Until recently typed-annotated Python code wasn't checked in the build. The only time you'd be able to notice a problem was when the IDE's MyPy plugin showed a red squiggly.

One I got MyPy integrated with Bazel we could run it over our codebase, and lo and behold there were at least a dozen errors which were actively misleading developers about the code they were reading.

If something (MyPy, Pyre) isn't checking the type-annotations all the time, they're going to decay into something worse than untyped Python.

dharmab · on Feb 12, 2020

We've been running mypy on our project for about a year now and it's one of the best decisions we've made. Code is easier to read and write.

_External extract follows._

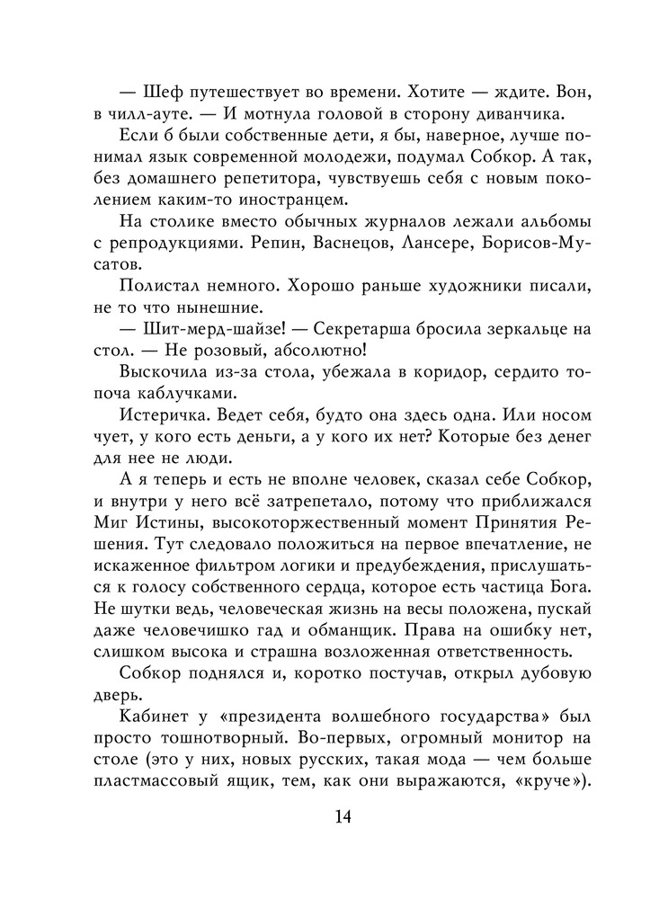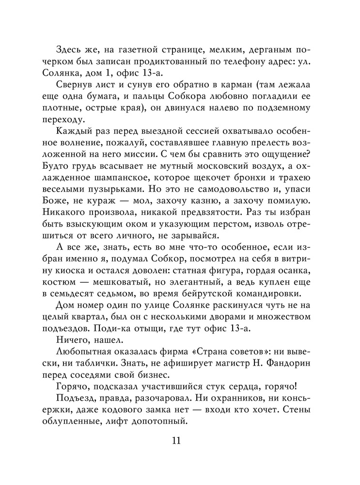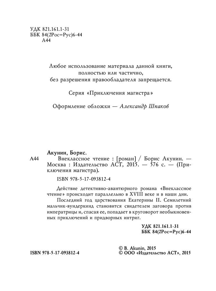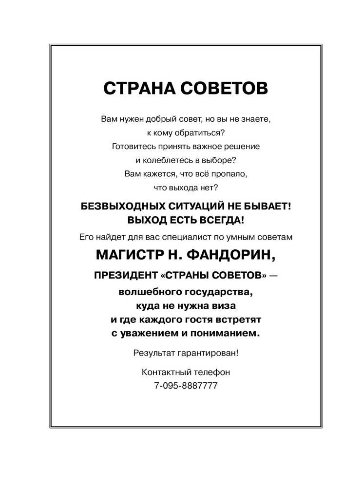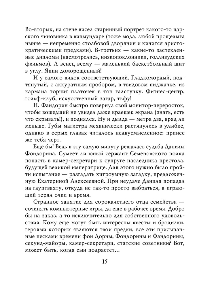 В книге поочередно переплетаются 2 сюжетные линии: одна глава 21 век, другая 18 век, и т.д., между собой почти не связаны, по мне так удобнее было бы сначала одну историю почитать, потом другую, а то в голове каша от двух параллельных миров. Та часть, которая про 18 век ещё больше походит на стиль Акунина: там Фандорин привычный ловкач, на все руки мастер и философ. Часть про 21 век прям копия Донцова: иронический детектив с трансвеститами, дурацкими погонями от бандитов и бестолковым Фандориным, от которого кроме благородства ничего не осталось. В общем, по сюжету так себе. Формат покетбука не очень удобный, т.к. 600 страниц в мягком переплете маленького формата держать неудобно, бумага очень серая, иллюстраций нет.

We implemented it progressively. At first I added it as a make target but didn't make it mandatory in CI so I could learn how to use it. Then I made it mandatory for a few files that I was the only active contributor to. Then I slowly added more and more files across the project, sometimes as I touched them for other reason and other times as independent changes. Eventually as mypy caught more and more bugs in other contributor's changes they started getting on board and adding type hints as well, until the vast majority of the project was hinted (we'll be getting to 100% within a few weeks).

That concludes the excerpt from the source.